### Exercise instructions
Output the data in full. Keep every word exact and exclude the pictures.

____

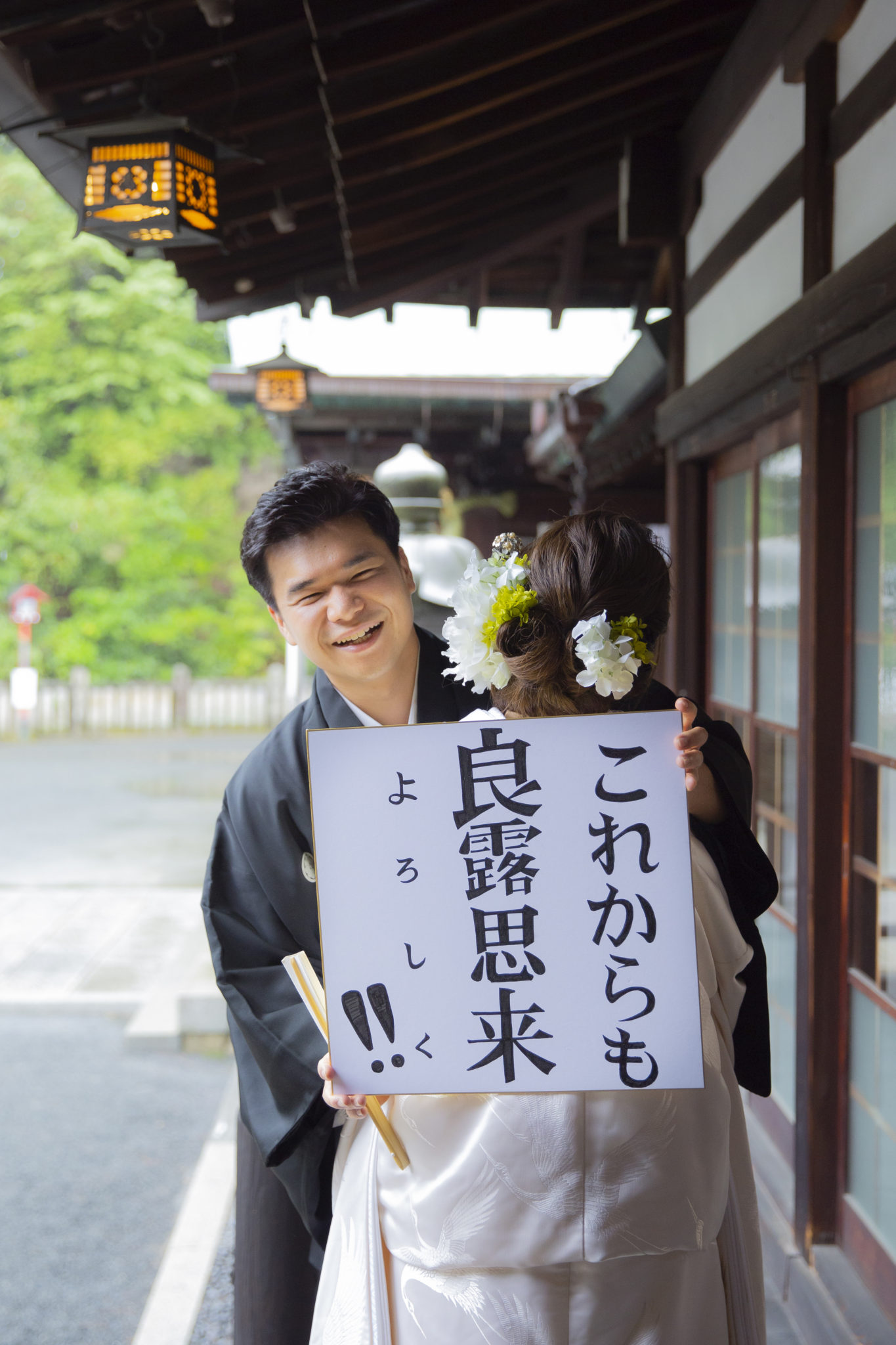 用紙のアレンジも自由で、ホワイトボードやクレヨンを使ったり、和風に習字イメージして書かれる方も。アレンジ次第で洋装にも和装にも合わせられるので取り入れやすいアイテムです。
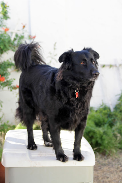 After playing hard at catch, Shado jumps up on the storage trunk in the back quadrant of the garden.
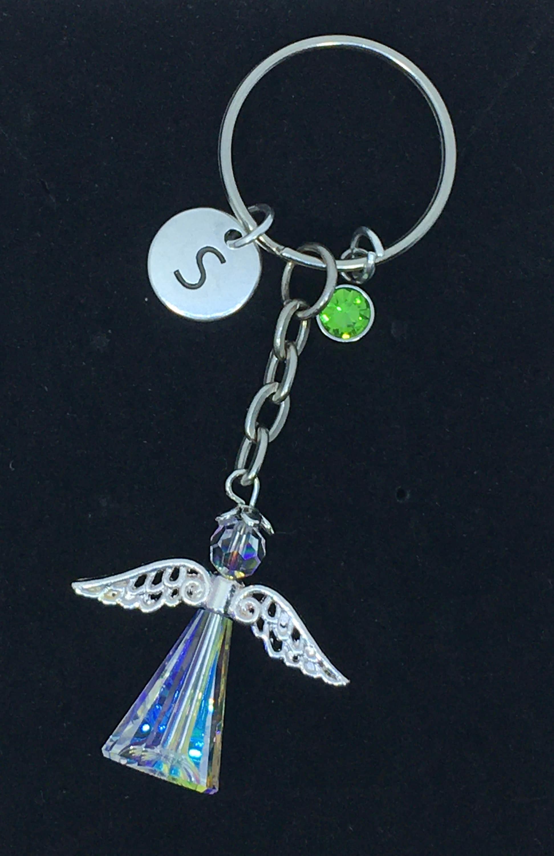Each keychain is handmade and can be personalised with either a birthstone charm or initial or both.
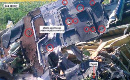 Повреждения элементов носовой части фюзеляжа и кабины экипажа соответствуют повреждениям, которые можно было бы ожидать от большого количества объектов с высокой энергией, проникших в самолет извне.
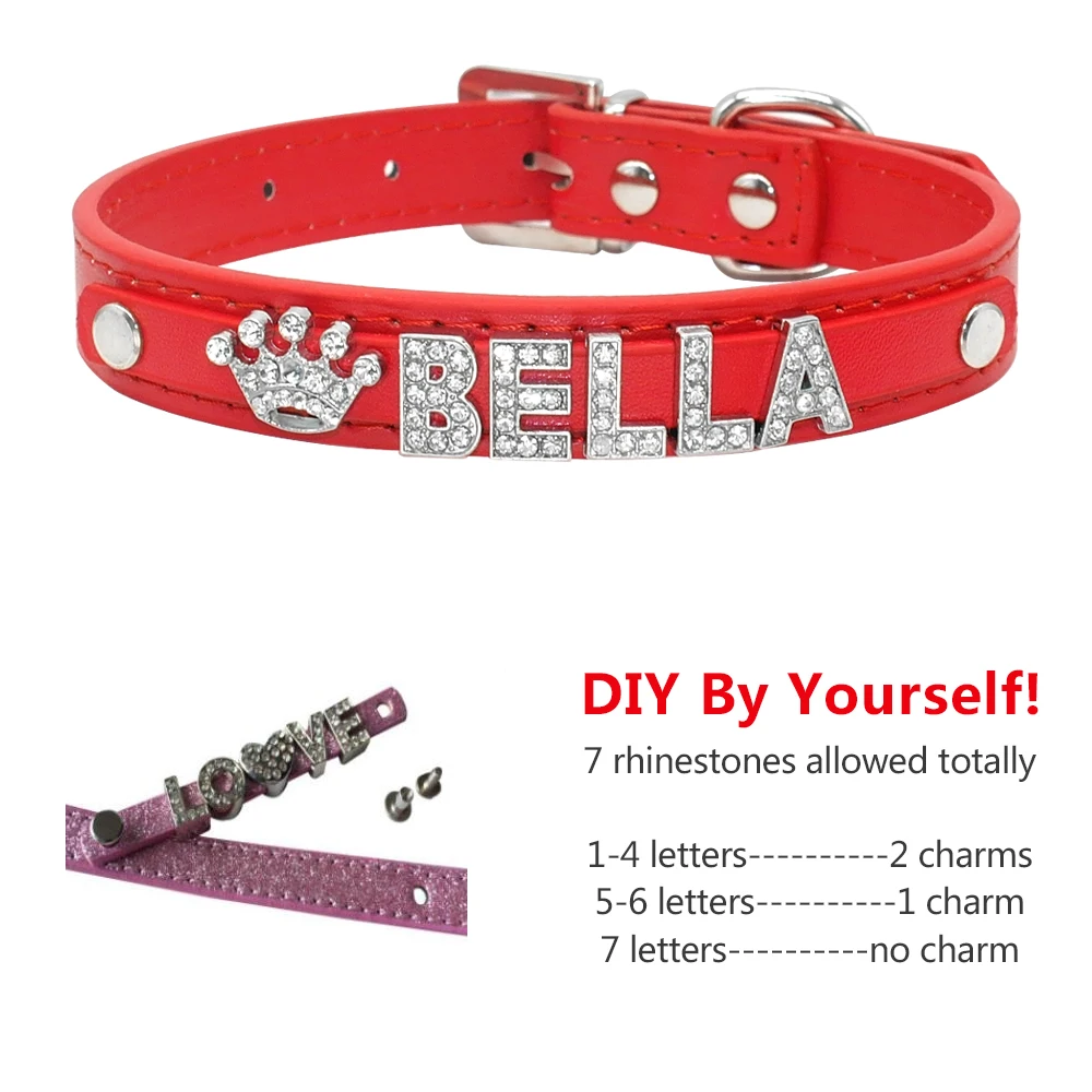 Collar personalizado con diamantes de imitación ostentosos para cachorros y perros pequeños, collares personalizados con nombre libre, dijes con letras, accesorios para mascotas, color rosa

____

### Solution to this task
 用紙のアレンジも自由で、ホワイトボードやクレヨンを使ったり、和風に習字イメージして書かれる方も。アレンジ次第で洋装にも和装にも合わせられるので取り入れやすいアイテムです。
 After playing hard at catch, Shado jumps up on the storage trunk in the back quadrant of the garden.
Each keychain is handmade and can be personalised with either a birthstone charm or initial or both.
 Повреждения элементов носовой части фюзеляжа и кабины экипажа соответствуют повреждениям, которые можно было бы ожидать от большого количества объектов с высокой энергией, проникших в самолет извне.
 Collar personalizado con diamantes de imitación ostentosos para cachorros y perros pequeños, collares personalizados con nombre libre, dijes con letras, accesorios para mascotas, color rosa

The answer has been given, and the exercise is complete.